Болтал Захарка как бы шутейно, но Ивана Глебовича мороз прохватил: понял – не врет шут. И слова Захаркины отчего-то на себя перенял.
– Грешник ты, великий грешник, – овладев собою, кротко молвил Феодор и бережно погладил карлу по бобрику волос. Захарка упрямо отдернул голову, не принял замирения. Юрод сразу зачужился и продолжил сурово: – Я от смерти не бегаю. Для меня смерть-то за праздник. Гляжу на тебя: парень ты с ухват, а кутак с ратовище. Чего злобишься, бедный ты мой? Весь в кутак изошел, оттого и скалишься, похвалебщик, как дверной кобель. И хочется, да цепь неволит.
– И что ты всех учишь? Может, Омера начитался да Платона, Софокла и Эврипида? Иль притч Соломоновых? Так нет ведь... Темень ты барбарейская, честное слово. Хорошо, ежли одолел басню про лисицу да ворону да сказку про Бову-королевича. С тебя и того довольно. Ты и догмат богословных не читывал. Потому и мелешь, бродяга, что Бога видел. Даже сам Моисей видел лишь со спины. Бог есть тайна для всех...
– Иудеи-то Бога никогда не признают в лицо, хоть и за стол с има сядет трапезовать. Они себя лишь чтят. А нам, русичам, Христос – свой брат. Ты Его приветь, не отворотись, Он тут как тут с подмогой...

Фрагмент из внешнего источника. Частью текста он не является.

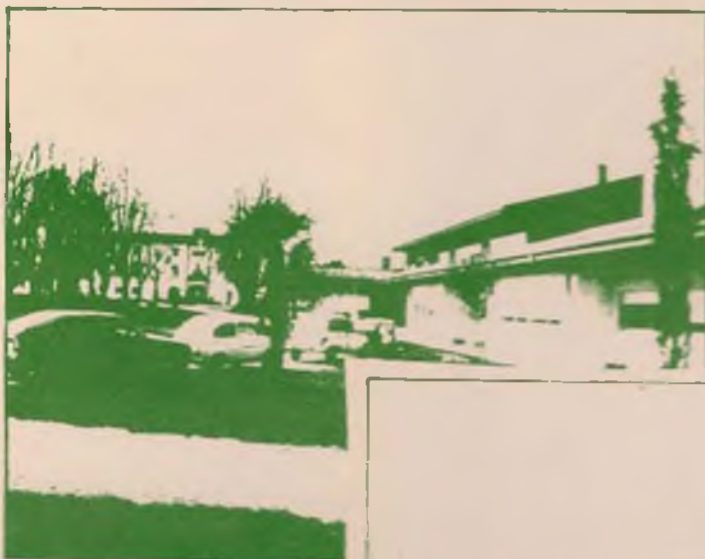
L'Hospital Psiquiàtric necessita això és tasca de tot un equip a partir de la gent que actualment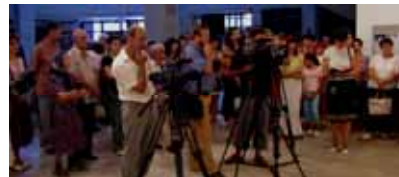
テレビや新聞などのマスコミが取材、全国に報道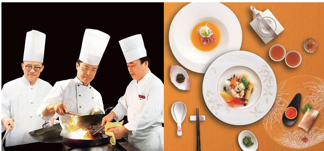
【イメージ写真:「饗宴」スペシャルコース】

本企画は、ANAクラウンプラザホテルで腕をふるう各料理長が、“食”を通し三都を旅しているような気分を感じてもらいたいという思いから実施するもので、好評を得た昨年に引き続き、今年で2回目の開催となります。今回は、京都・大阪・神戸の各中国料理 料理長のスペシャリテ3品を中心に、ホテルごとに個性あふれるコースに仕立てました。中国料理の伝統のうえに三者三様の技を結集させた「饗宴」メニューで三都の味めぐりをお楽しみください。

...Куда, в какое еще руслице ткнулся бы долгий спор, кто знает, но вдруг челядинник впустил в комнату монаха.
Давно не видал Феодор родимого старшего братца, но сразу признал: был Феоктист смугл, сухопар, и даже дорожная выцветшая манатья не скрывала его стати, монаший фиолетовый бархатный колпак, глубоко насаженный по самые разбежистые брови, будто воинская мисюрка, и темно-карие глаза вперились в народ с безлукавной прямотою, словно бы сам архангел вдруг явился за ответом. Лишь портили обличье клочковатая, сседа, бороденка да острый кадык; монах часто сглатывал, точно в гортани пересохло от жажды, и под кожею будто прыгала притаенная мыша. На груди монаха светился наперсный крест из чистого золота, что выдавало в чернце человека с выслугой. Феодор во все глаза смотрел на старшего братца, испытывая перед ним внезапный трепет. Подумал: такие вот апостолы, верные Христовы воины, кочевали по палестинам, возглашая заповеди и страдая за них. Юрод вдруг представил восточную землю, как библейский благоухающий сад, и затосковал по ней. Он поспешил к феоктисту, и они облобызались по монашьему чину, но с особенным родственным чувством. Они так редко виделись, что вроде бы и потерялись внешне друг для друга, но душою-то всегда были неразлучны. Ведь для Христа непорочные сыновья, совсем не знавшие мирских соблазнов, они были кровнее родных...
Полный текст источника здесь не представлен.